> [Goal of the exercise]
Omit any pictures, and restate word for word only the lines from the one with "譽添家居VEELAR不鏽鋼廚" through the end of the data below.

> [Data shown]
>>>

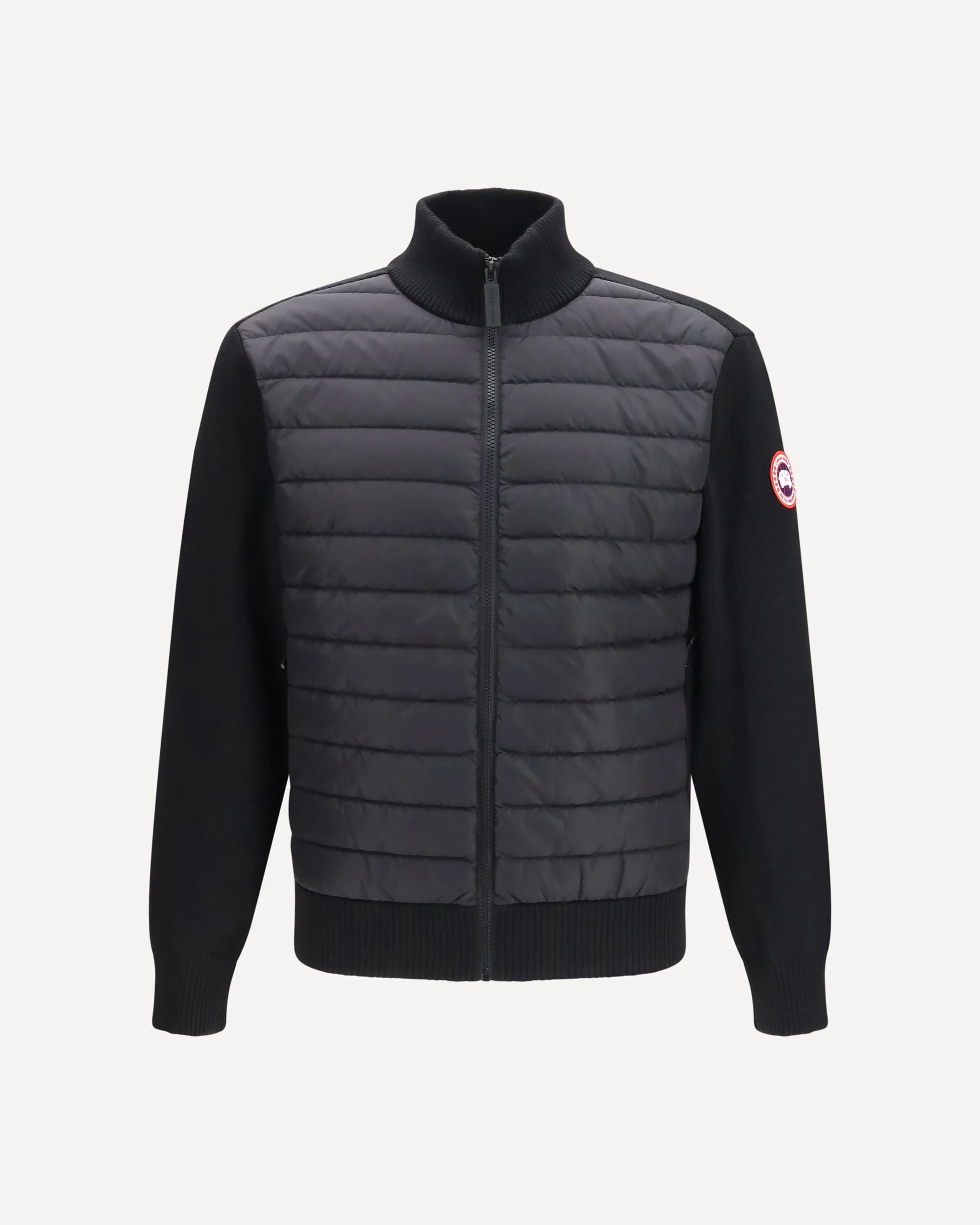 The Hybridge Down Jacket by Canada Goose combines warmth and lightness in a modern, functional design. The high collar and ribbed hems ensure protection and a great fit, while the front zipper closure makes it easy to wear every day. The padded and quilted front provides thermal insulation, while the knit back and sleeves offer comfort and freedom of movement. The garment is completed by the patch with the brand's iconic logo on the left sleeve, a symbol of quality and recognizable style. DETAILS - Sku: 6830M_9061 - Season: SS26 - Fit: Regular - Composition: GENERAL 50% Polyamide 50% Wool Ovis Aries - MADE IN ROMANIA
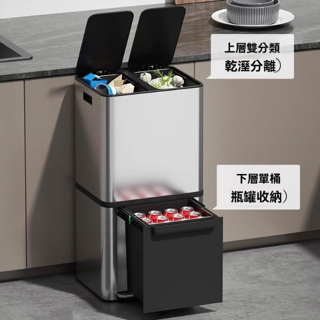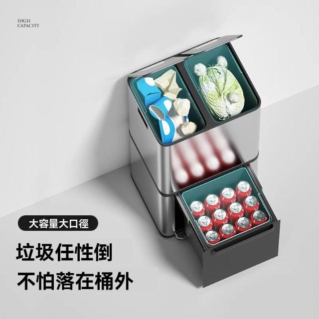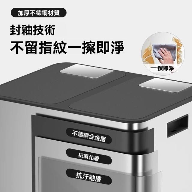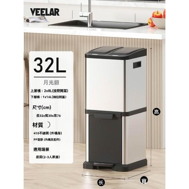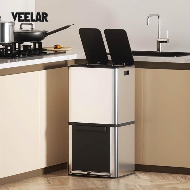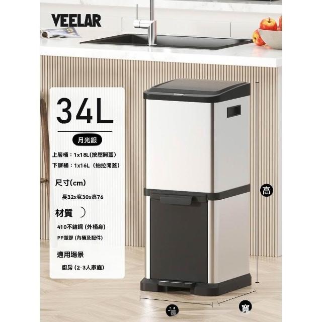 譽添家居VEELAR不鏽鋼廚房分類垃圾桶|76cm免彎腰+32/34L雙層設計|410防鏽鋼蓋|窄縫靜音款
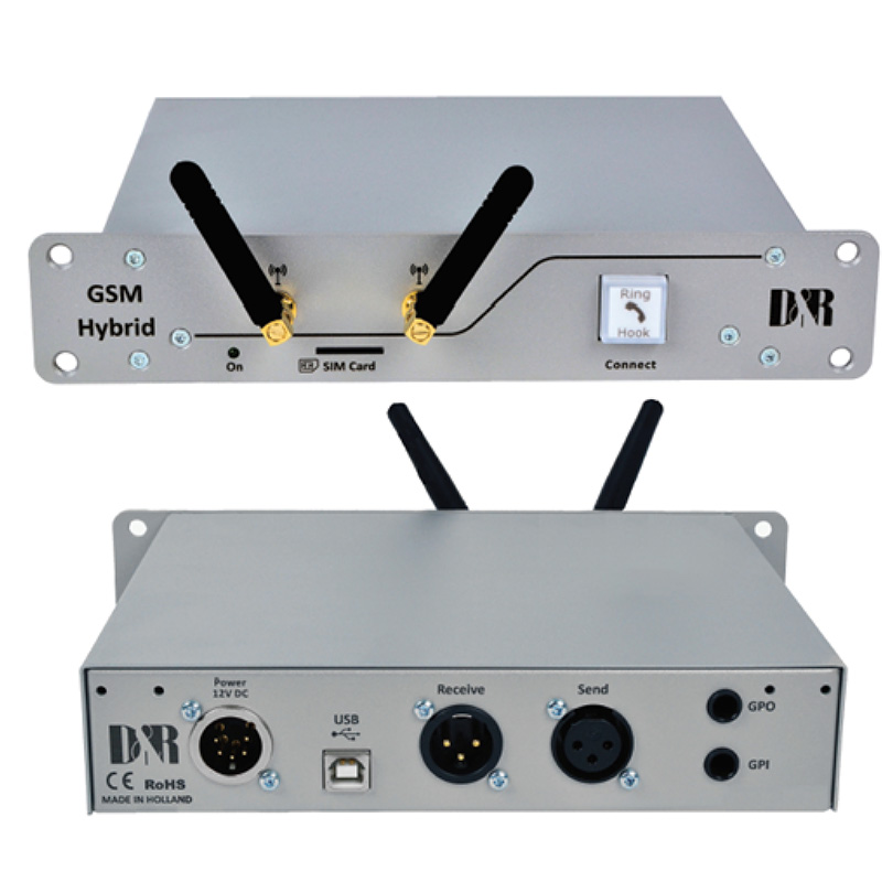 D&R GSM Hybrid aktivni telefonski hibrid. With the D&R GSM Hybrid you can add a simple and effective wireless interface that your reporters can call. With features like HD voice, Echo canceling, digital EQ and application control over USB on your PC it is a nice tool to expand the communication. Possibilities of your studio with your reporters in the field. The GSM Hybrid has its own number reporters directly can dial. The call can be taken on the mixing console due to built in GPIO’s. The electronics are housed in a sturdy metal 9.5” rack mount case. With antenna’s on the front side for optimum receiver conditions. An external 12 volt power supply adapter is part of the delivery. Software features are in and output metering and level control, phone dialing, number recognition and GSM signal strength indication. The Alert feature is implemented to let a reporter in the field ‘wake-up’ a DJ behind the desk to start an interview. Assumed is that a connection is already there and the DJ is doing some other work in the studio while the reporter waits for the moment to start the interview.

<<<

> [Finished exercise]
 譽添家居VEELAR不鏽鋼廚房分類垃圾桶|76cm免彎腰+32/34L雙層設計|410防鏽鋼蓋|窄縫靜音款
 D&R GSM Hybrid aktivni telefonski hibrid. With the D&R GSM Hybrid you can add a simple and effective wireless interface that your reporters can call. With features like HD voice, Echo canceling, digital EQ and application control over USB on your PC it is a nice tool to expand the communication. Possibilities of your studio with your reporters in the field. The GSM Hybrid has its own number reporters directly can dial. The call can be taken on the mixing console due to built in GPIO’s. The electronics are housed in a sturdy metal 9.5” rack mount case. With antenna’s on the front side for optimum receiver conditions. An external 12 volt power supply adapter is part of the delivery. Software features are in and output metering and level control, phone dialing, number recognition and GSM signal strength indication. The Alert feature is implemented to let a reporter in the field ‘wake-up’ a DJ behind the desk to start an interview. Assumed is that a connection is already there and the DJ is doing some other work in the studio while the reporter waits for the moment to start the interview.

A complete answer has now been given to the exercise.